L'intérêt à agir
Sous « Le coup d'État d'urgence permanent » que nous vivons depuis bientôt deux ans, la mode juridique est l'irrecevabilité : l'entremise par le truchement de laquelle la justice s'affranchit de son devoir d'aller au fond des choses. « D'examiner l'affaire au fond », dit-on.
C'est une tendance pour le moins regrettable pour la manifestation de la vérité ; but premier de la justice dans l'esprit du justiciable. D'autant plus que, la tendance est exactement contraire, lors des procès hautement médiatiques.
Ces procès sont la vitrine de la justice. De ce fait, juges du siège et représentants du parquet, les magistrats qui officient lors de ces procès, justifient leur insistance à reposer telle question qu'ils estiment fondamentale pour trancher le nœud gordien en l'espèce. Ils justifient, cette insistance, en rabâchant à l'infini, telle une écholalie, que
la manifestation de la vérité est la sacro-sainte mission de la justice.
Voilà pour la vitrine. Cependant, en arrière-boutique, à savoir pour ce qui est du traitement des affaires que la justice préfère examiner en catimini, c’est généralement l’inverse.

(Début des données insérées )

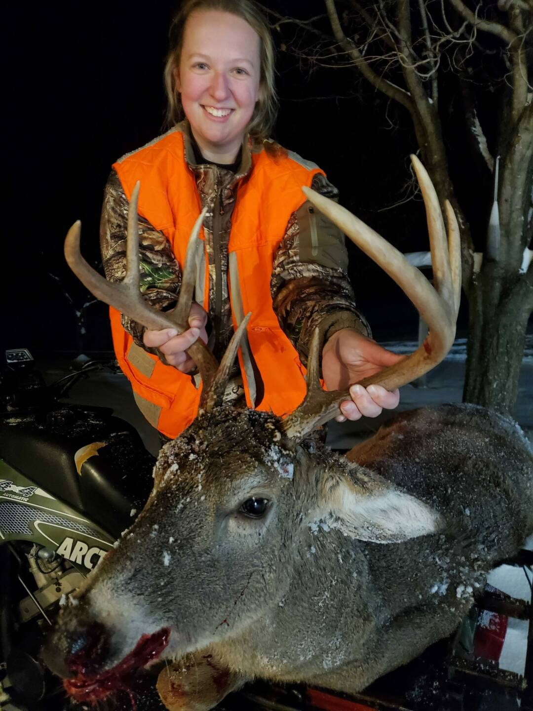 Proud of my protégé, she’s persistent and put the time and dedication in and it paid off. Reagan MISSED this buck opening day of bow season and was sick. She thought she missed her opportunity to get a nice deer. 58 days later and a lot of cat and mouse moments, he made another mistake, and she didn’t miss this opportunity. This is the largest of her 8 bucks by measure and her most gratifying. She is so thankful, if you look closely, those are tears of joy. She was listening to a pack of coyotes trying to locate them and this buck walked out of the woods. One well place shot, and 50 yards of easy tracking in the snow-covered ground, she found him. Never did see any coyotes that night but they were all over on our camera’s.
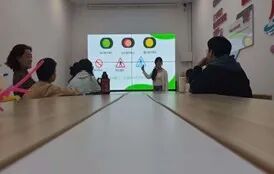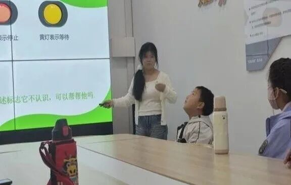 在课堂上,志愿者正带着孩子们玩“身体红绿灯”互动游戏:大屏上醒目的红、黄标识对应着“停止”“等待”的身体界限规则,她指着画面里的卡通提示,引导孩子们识别“哪些接触是需要拒绝的”。桌旁的小男孩仰着头专注地听着,志愿者讲到“遇到陌生触碰要像红灯一样立刻说‘不’”时,孩子们跟着模仿起“大声拒绝”的动作,把“守护身体界限”的意识融进了生动的游戏里。

En arrière-boutique, crise du covid et état d’urgence obligent, la mode juridique, est bien l’irrecevabilité. Dans cette nouvelle mode juridique, le vêtement phare, c'est l'intérêt à agir. Plus exactement, le défaut d'intérêt à agir. Et force est de constater que le tissu dont est fait ce vêtement, est très extensible. Ultra extensible, même. Car la justice arrive à faire le grand écart, avec l'intérêt à agir.
La différence d'interprétation que la justice est capable d'avoir de la notion de droit à agir, selon les affaires, cette différence force le respect, même au sein des contorsionnistes les plus aguerris.
Le petit Grégoire confirme
Prenons quelques exemples :
En 2008, dans le procès qui a été fait à Charlie Hebdo et Philippe Val, pour la publication de caricatures de Mahomet, la justice a estimé que le détenu qui s'était constitué partie civile dans ce dossier, depuis la cellule où il purgeait une peine criminelle de trente ans de prison pour assassinat ; dans cette affaire, la justice a estimé que ce détenu a satisfait à l'obligation de justifier d'un intérêt à agir, simplement en affirmant ceci « J'étais musulman au moment des faits. »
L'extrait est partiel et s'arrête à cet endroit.